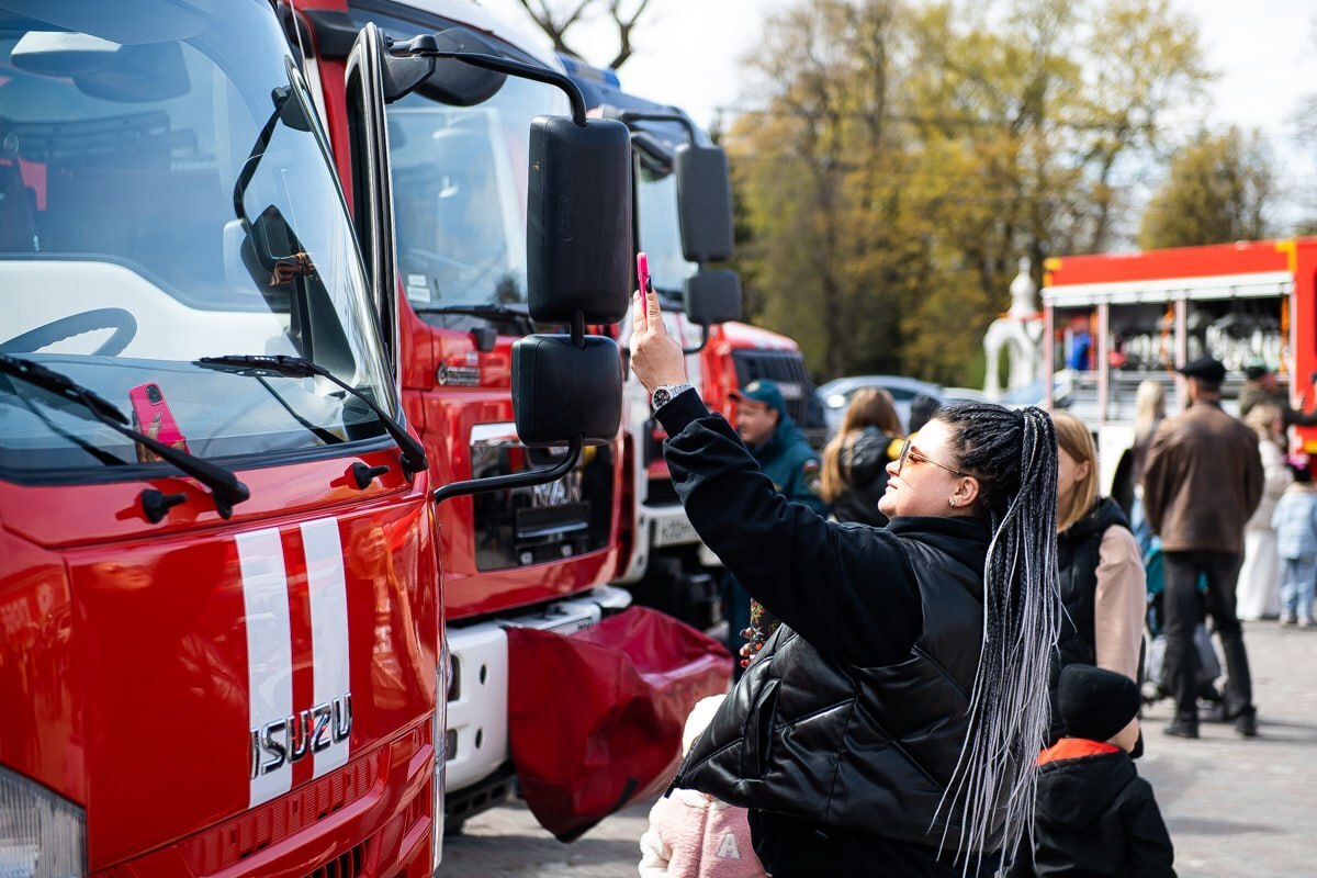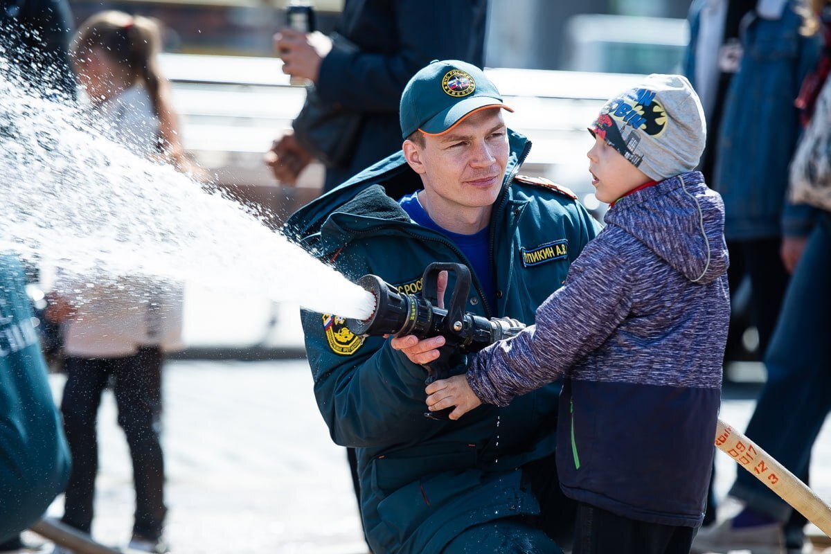 Программу для горожан подготовили насыщенную. Можно было не только смотреть со стороны, но и почувствовать себя пожарным: примерить форму и пострелять водой из настоящего брандспойта.
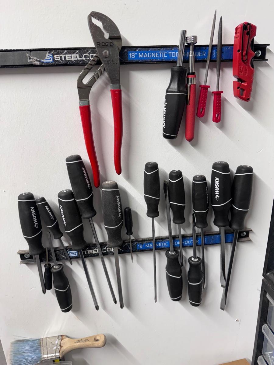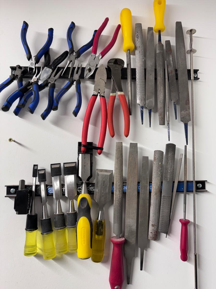 Screwdrivers, Wire Cutters, Chisels, etc.- includes magnetic wall-mounted holders (4).
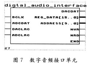 当读入数字音频标志位C1为‘1’,接收WM873l芯片传来的数字音频数据并将其存入外部双口RAM中,当输出数字音频数据标志位C2为‘1’时,将双口RAM中的音频数据发送给wM8731。如图7所示。
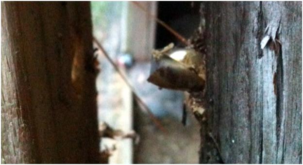 So this morning, I collected my daddy’s portable drill and went down to make another lap with the gate. I took it off the hangers, took the top hanger out, nailed the 2×4 back to the pole, and drilled the hole deeper. Everything was going like clockwork until
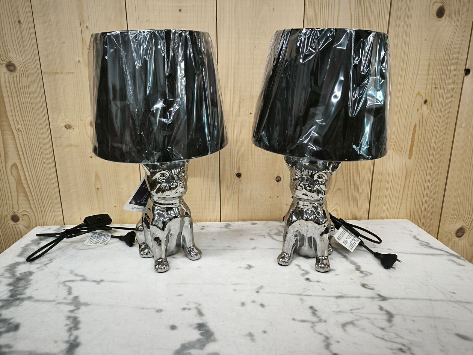OSTARIA Pair of bulldog-shaped lamps in silver-glazed cerami…
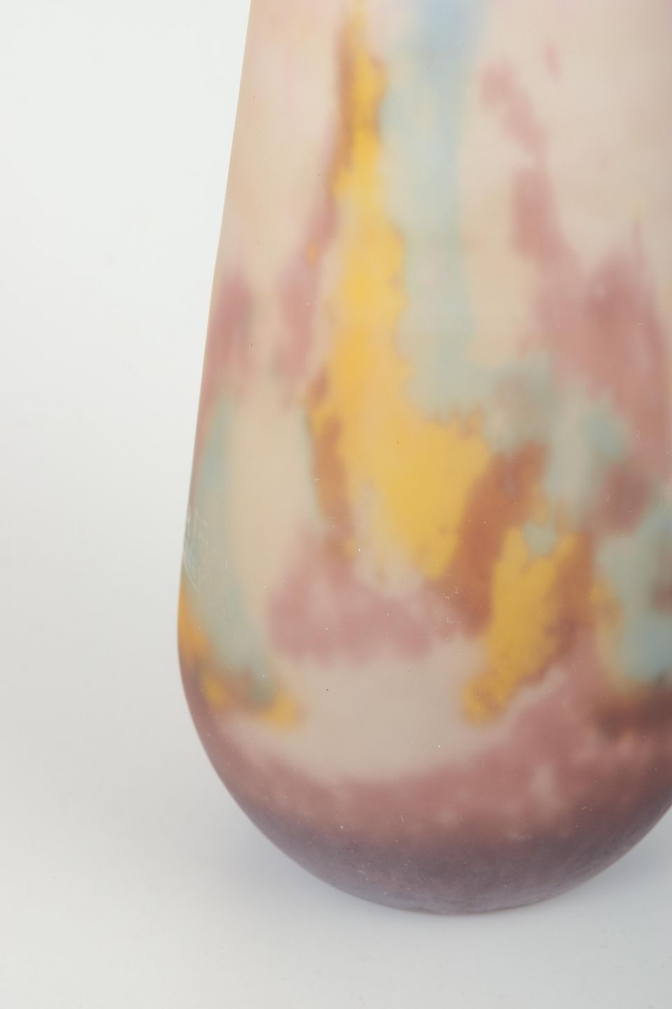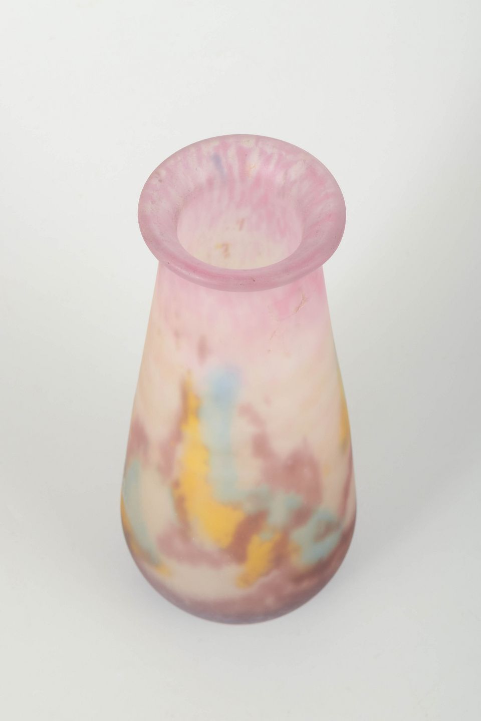 Slank, cylindrisk vase i flerfarvet opaliseret glas med marmoreret dekor i rosa, gule, blå og violette nuancer. Værket viser Muller Frères’ karakteristiske kombination af moderne formsprog og dekorative overflader.
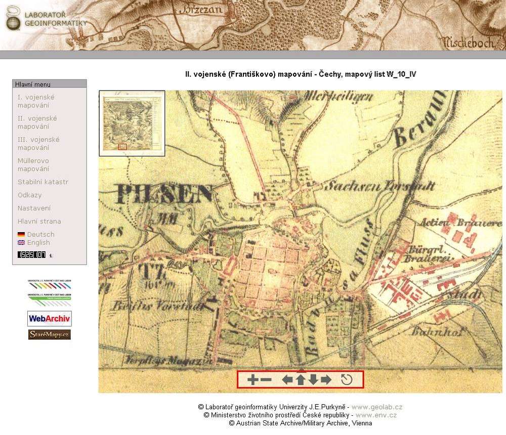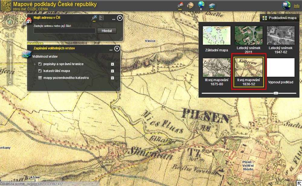 Vpravo zapněte "II. vojenské mapování" a vypněte ostatní vrstvy. Mapy jsou georeferencializovány (listy digitálně spojeny a umístěny na souřadnice).
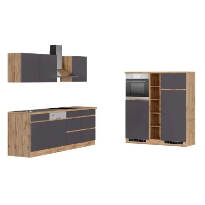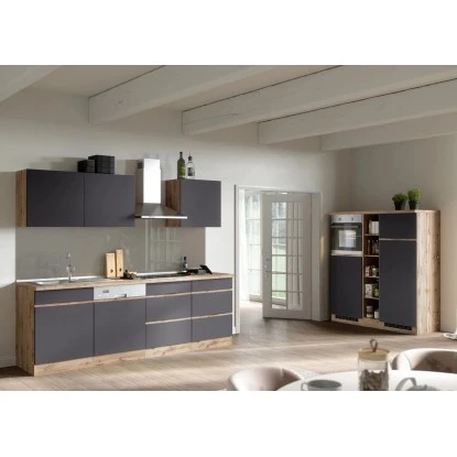 Die Küchenzeile Turin von Held Möbel mit hochwertigen MDF-Fronten begeistert optisch durch die klaren Linien sowie die zweifarbige Gestaltung. Da die Schränke in zwei Farbkombinationen verfügbar sind, können Sie die Küche im Mix-and-Match Stil erweitern. Zusätzliche Akzente werden durch die 38 mm starke Arbeitsplatte im Beton Dekor gesetzt.
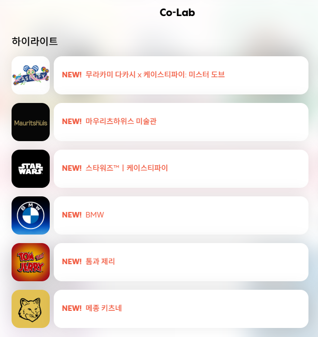 케이스티파이에서는 여러 브랜드와 협업을 거쳐 제품을 출시하죠.
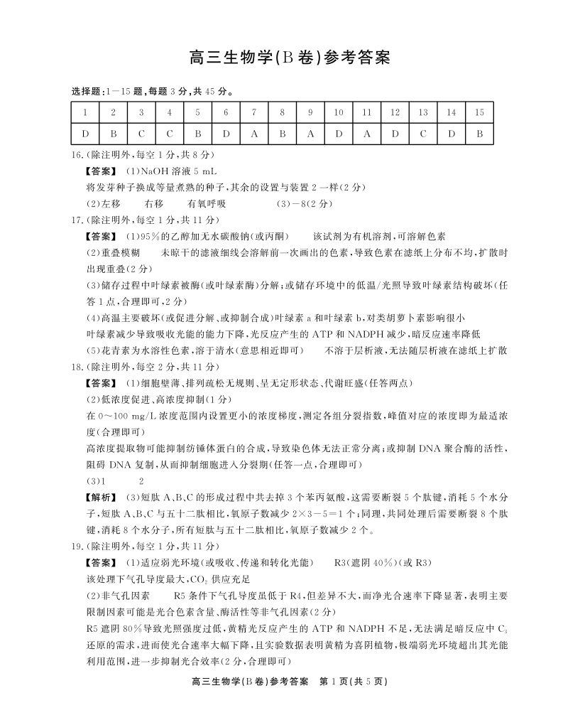 高三生物B答案--安徽省鼎尖名校大联考2026届高三上学期10月月考
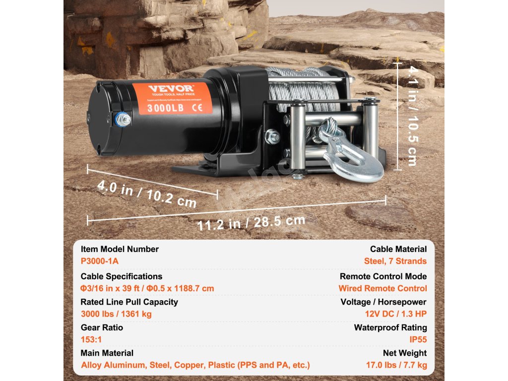 Náš těžký elektrický naviják s tažnou silou 3000 liber a vodotěsností IP55 je ideální pro vytažení vašeho čtyřkolky nebo UTV z lepkavých bahenních jam. Je vybaven měděným motorem s permanentním magnetem o výkonu 12 VDC/1,3 HP, převodovým poměrem 153:1 a ocelovým lanem, což zaručuje, že nikdy nezůstanete dlouho uvězněni.
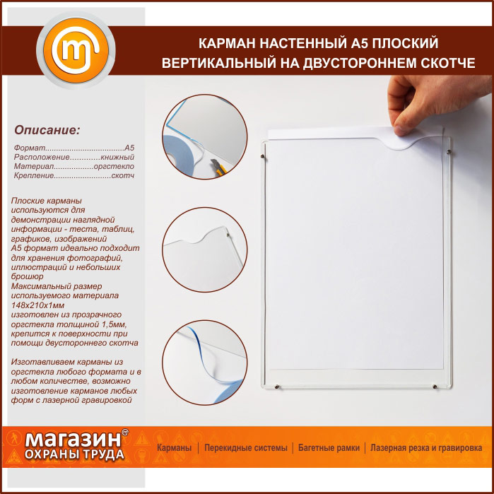 Карман настенный А5 плоский вертикальный на двустороннем скотче в Волгограде купить
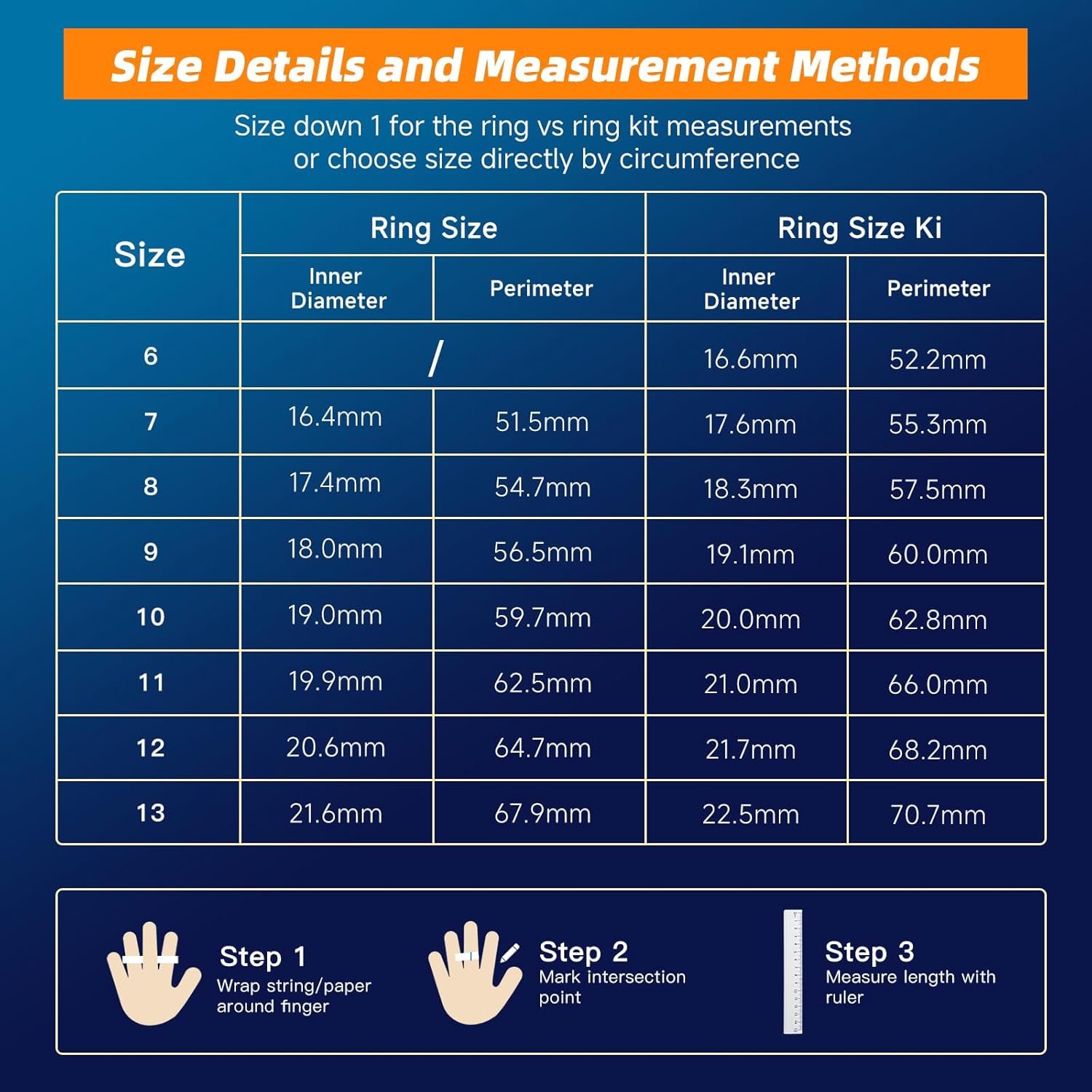 【Warm Tips】Please determine the appropriate size before purchasing a heart monitor ring. You can buy a ring sizer to determine the size, or use a long paper strip or a small string to wrap around the finger to be worn, and determine the size by measuring the intersection of the marks
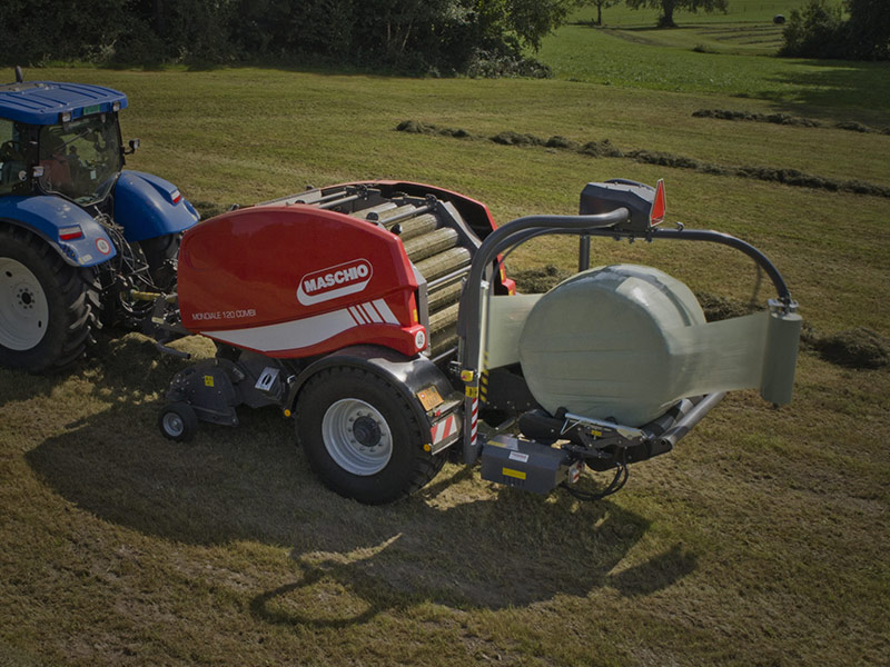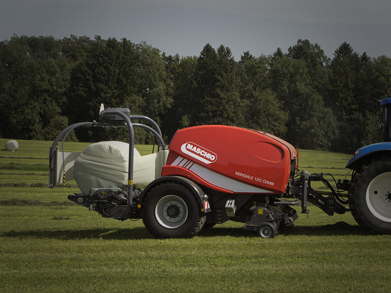 MONDIALE 120 COMBI è la rotopressa a camera fissa a rulli che rappresenta la soluzione perfetta per le operazioni di pressatura e fasciatura con una sola macchina. Durante la raccolta il prodotto viene tagliato, imballato e fasciato in un solo passaggio, riducendo notevolmente la permanenza in campo e migliorando le caratteristiche qualitative del prodotto raccolto. MONDIALE 120 COMBI è una macchina **completamente automatica** in tutte le sue funzioni, disponibile con due sistemi di taglio, due tipi di legatura ed un fasciatore a doppio satellite tra i più veloci del mercato.

▬▬▬▬▬▬▬▬▬▬

Write each entry again exactly, minus any images.

 Программу для горожан подготовили насыщенную. Можно было не только смотреть со стороны, но и почувствовать себя пожарным: примерить форму и пострелять водой из настоящего брандспойта.
 Screwdrivers, Wire Cutters, Chisels, etc.- includes magnetic wall-mounted holders (4).
 当读入数字音频标志位C1为‘1’,接收WM873l芯片传来的数字音频数据并将其存入外部双口RAM中,当输出数字音频数据标志位C2为‘1’时,将双口RAM中的音频数据发送给wM8731。如图7所示。
 So this morning, I collected my daddy’s portable drill and went down to make another lap with the gate. I took it off the hangers, took the top hanger out, nailed the 2×4 back to the pole, and drilled the hole deeper. Everything was going like clockwork until
OSTARIA Pair of bulldog-shaped lamps in silver-glazed cerami…
 Slank, cylindrisk vase i flerfarvet opaliseret glas med marmoreret dekor i rosa, gule, blå og violette nuancer. Værket viser Muller Frères’ karakteristiske kombination af moderne formsprog og dekorative overflader.
 Vpravo zapněte "II. vojenské mapování" a vypněte ostatní vrstvy. Mapy jsou georeferencializovány (listy digitálně spojeny a umístěny na souřadnice).
 Die Küchenzeile Turin von Held Möbel mit hochwertigen MDF-Fronten begeistert optisch durch die klaren Linien sowie die zweifarbige Gestaltung. Da die Schränke in zwei Farbkombinationen verfügbar sind, können Sie die Küche im Mix-and-Match Stil erweitern. Zusätzliche Akzente werden durch die 38 mm starke Arbeitsplatte im Beton Dekor gesetzt.
 케이스티파이에서는 여러 브랜드와 협업을 거쳐 제품을 출시하죠.
 高三生物B答案--安徽省鼎尖名校大联考2026届高三上学期10月月考
 Náš těžký elektrický naviják s tažnou silou 3000 liber a vodotěsností IP55 je ideální pro vytažení vašeho čtyřkolky nebo UTV z lepkavých bahenních jam. Je vybaven měděným motorem s permanentním magnetem o výkonu 12 VDC/1,3 HP, převodovým poměrem 153:1 a ocelovým lanem, což zaručuje, že nikdy nezůstanete dlouho uvězněni.
 Карман настенный А5 плоский вертикальный на двустороннем скотче в Волгограде купить
 【Warm Tips】Please determine the appropriate size before purchasing a heart monitor ring. You can buy a ring sizer to determine the size, or use a long paper strip or a small string to wrap around the finger to be worn, and determine the size by measuring the intersection of the marks
 MONDIALE 120 COMBI è la rotopressa a camera fissa a rulli che rappresenta la soluzione perfetta per le operazioni di pressatura e fasciatura con una sola macchina. Durante la raccolta il prodotto viene tagliato, imballato e fasciato in un solo passaggio, riducendo notevolmente la permanenza in campo e migliorando le caratteristiche qualitative del prodotto raccolto. MONDIALE 120 COMBI è una macchina **completamente automatica** in tutte le sue funzioni, disponibile con due sistemi di taglio, due tipi di legatura ed un fasciatore a doppio satellite tra i più veloci del mercato.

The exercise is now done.